Sign in to follow this  
Riko Ophorst

Recommended byte size of a single vertex

Recommended Posts

I'm wondering, what is the recommended byte size of a single vertex?

Currently, we're using 80 bytes per vertex in our engine:

struct Vertex
{
DirectX::XMFLOAT3 position; // 0 + 12 = 12 bytes
DirectX::XMFLOAT3 normal; // 12 + 12 = 24 bytes
DirectX::XMFLOAT3 tangent; // 24 + 12 = 36 bytes
DirectX::XMFLOAT3 bitangent; // 36 + 12 = 48 bytes
DirectX::XMFLOAT2 uv; // 48 + 8 = 56 bytes
DirectX::XMFLOAT4 color; // 56 + 16 = 72 bytes
uint32_t bone_id; // 72 + 4 = 76 bytes
float bone_weight; // 76 + 4 = 80 bytes
}

What are the things to keep in mind when setting up a vertex layout?

 

Share this post


Link to post
Share on other sites

Have it be a multiple of your GPU's cache line size (which typically means a multiple of 32) and be as small as possible.

In your case there is ample opportunity for compression: you can, for example, drop the bitangent and compute it at runtime (in your vertex shader) from your normal and tangent - that's a 12-byte saving (and may even run faster since compute is very cheap these days).  Similarly, your color could be reduced to a ubyte4 type which is normally sufficient - another 12 bytes, and now your vertex size is 56.

Edited by mhagain

Share this post


Link to post
Share on other sites

Have it be a multiple of your GPU's cache line size (which typically means a multiple of 32) and be as small as possible.

In your case there is ample opportunity for compression: you can, for example, drop the bitangent and compute it at runtime (in your vertex shader) from your normal and tangent - that's a 12-byte saving (and may even run faster since compute is very cheap these days).  Similarly, your color could be reduced to a ubyte4 type which is normally sufficient - another 12 bytes, and now your vertex size is 56.

Is that sort of stuff worth it though?

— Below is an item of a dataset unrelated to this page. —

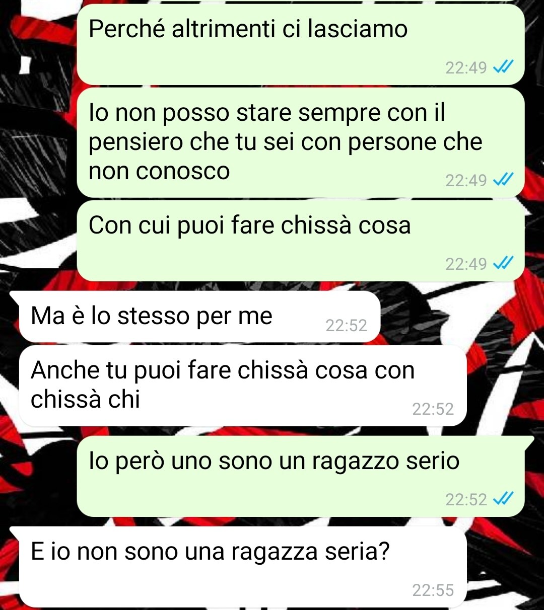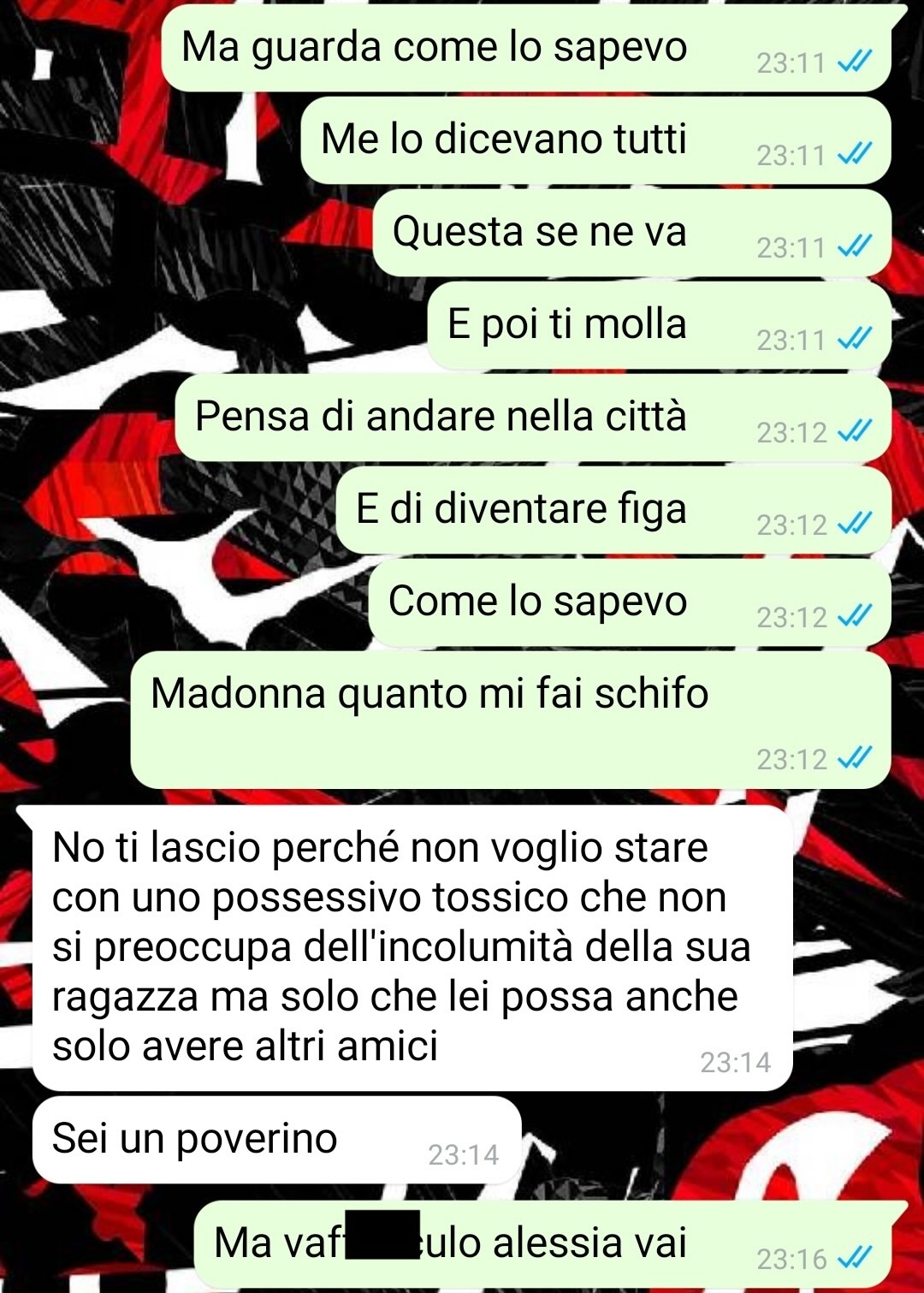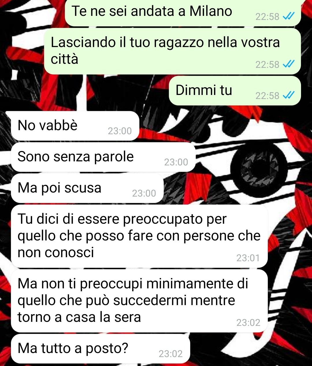Inoltre, il nostro follower esprime ulteriori riserve sulla vita che la compagna sta conducendo a Milano. Non approva il fatto che lei esca spesso, faccia nuove amicizie e torni a casa tardi. A suo dire, avrebbe dovuto concentrarsi esclusivamente sugli studi, evitando tutto ciò che considera superfluo o inopportuno in quella situazione.

Reducing memory usage at the cost of increasing computation?

Share this post


Link to post
Share on other sites

Is that sort of stuff worth it though? Reducing memory usage at the cost of increasing computation?


Computation is cheap - and in this case it's just a cross-product per vertex so it's not something you really need to worry excessively over.

Also worth noting that we're not talking about reducing overall memory usage as a goal here.  I need to be absolutely clear on that, because (so long as you're not swapping) amount of memory used is almost never an arbiter of performance.  The goal is instead to reduce the vertex size so that it fits into fewer cache lines.

Share this post


Link to post
Share on other sites

First a question, its been a while regarding skeletal animation but shouldn't you have 3 bone weights since you have 4 bones?

Second the optimal layout would be each stream being a power of 2 in size.  So if you have a full vertex of 48bytes split it into one 32byte and one 16byte per element stream.  Also like previously mentioned the smaller the better.

edit - forget the question, I misread.

Edited by Infinisearch

Share this post


Link to post
Share on other sites

In your case there is ample opportunity for compression: you can, for example, drop the bitangent and compute it at runtime (in your vertex shader) from your normal and tangent - that's a 12-byte saving (and may even run faster since compute is very cheap these days).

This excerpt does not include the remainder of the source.